In this study, DAB staining showed higher staining in WT compared to P1 and P8 after both S2 and FS2 treatment (Fig. 7), indicating the accumulation of ROS in P1 and P8 plants was lower than that in WT at S2 and FS2 stages. These results suggested that the ROS scavenging ability of HaFT-1 transgenic plants was stronger than that of WT at S1 and R1 stages, resulting in less peroxide accumulation in HaFT-1 transgenic plants compared to that of WT at the S2 stage. Furthermore, DAB staining of WT and HaFT-1 transgenic plants at the FS2 stage was significantly higher than that at the S2 stage, which further showed that HS priming might reduce the accumulation of peroxide at the S2 stage. Meanwhile, expression of P5CS2 increased at the HS priming stage, accompanied by increased SOD, POD, and proline contents at S1, R1, and S2 stage, and chlorophyll content at the S2 stage in HaFT-1 transgenic Arabidopsis (Fig. 7, 8). Therefore, enhanced peroxide scavenging ability and proline biosynthesis during HS priming might contributed to maintaining chlorophyll stability and reduce cell death at the second HS stage in HaFT-1 transgenic Arabidopsis, leading to a gain of HS tolerance and HS memory.

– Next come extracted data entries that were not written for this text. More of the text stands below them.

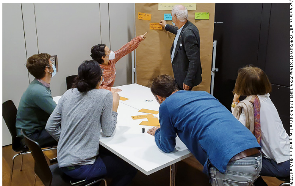
Abb 1 Diskussionen zur internationalen Waldpolitik am IDANE Wald+.

Im Dezember 2021 lancierte die Abteilung Wald des BAFU unter dem Titel «IDANE Wald+ Science-Policy Dialogue» eine erweiterte Diskussionsplattform zu internationalen waldpolitischen Themen mit einer spezifischen Stärkung durch Bei-
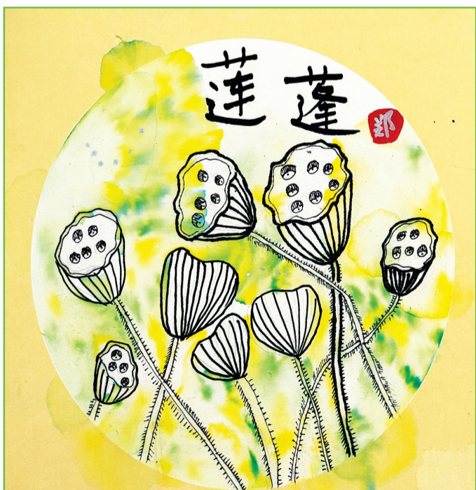
淮师附小山南第十五小学 一(5)班 郑雨辰
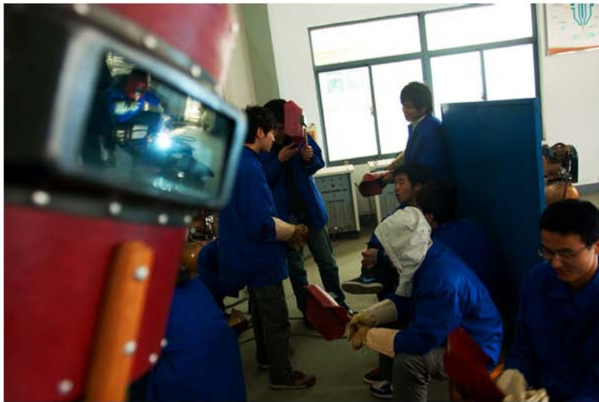
金工实习，我们也曾做过真真切切的蓝领
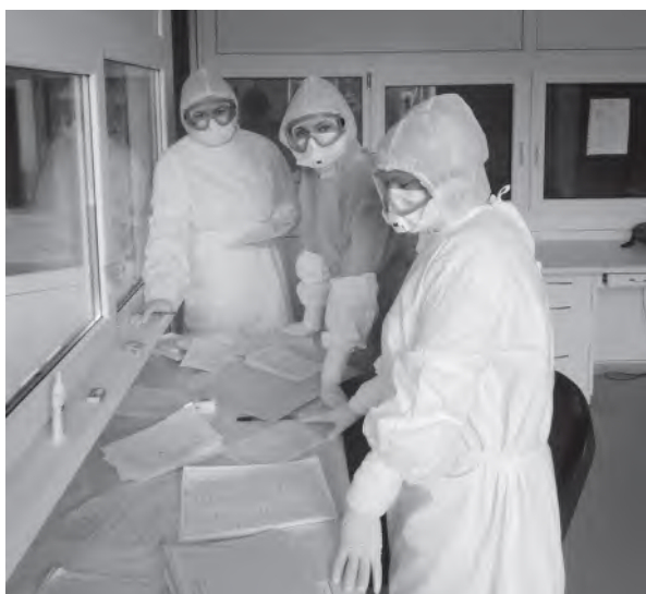
Рис. 11. Пандемия COVID-19. Тяжелые рабочие будни Fig. 11. COVID-19 Pandemic. Hard working days

С 2022 года в диспансере функционирует кабинет профилактики злокачественных новообразований кожи. В рамках работы кабинета врачи-специалисты широко используют выездную форму работы – профилактические осмотры организуются на предприятиях, в организациях, а также в ЦРБ Гомельской области, что позволяет расширить доступность медицинской помощи жителям самых отдаленных мест региона (рис. 12).

Taken together, this study characterized HaFT-1 for its role in thermotolerance. HaFT-1 has the transcriptional memory to HS in H. ammodendron. Overexpression of HaFT-1 enhances HS priming and thermotolerance of transgenic Arabidopsis. Priming-and-triggering treatment in Arabidopsis overexpressing HaFT-1 promoted energy generation and protein metabolism, depressed signal transduction and biosynthesis, and strengthened physiological regulation of proline content and peroxide scavenging activity. This study showed that HaFT-1 is involved in the regulation of acquired thermotolerance rather than basic thermotolerance and its upregulated expression depends on HS priming in H. ammodendron.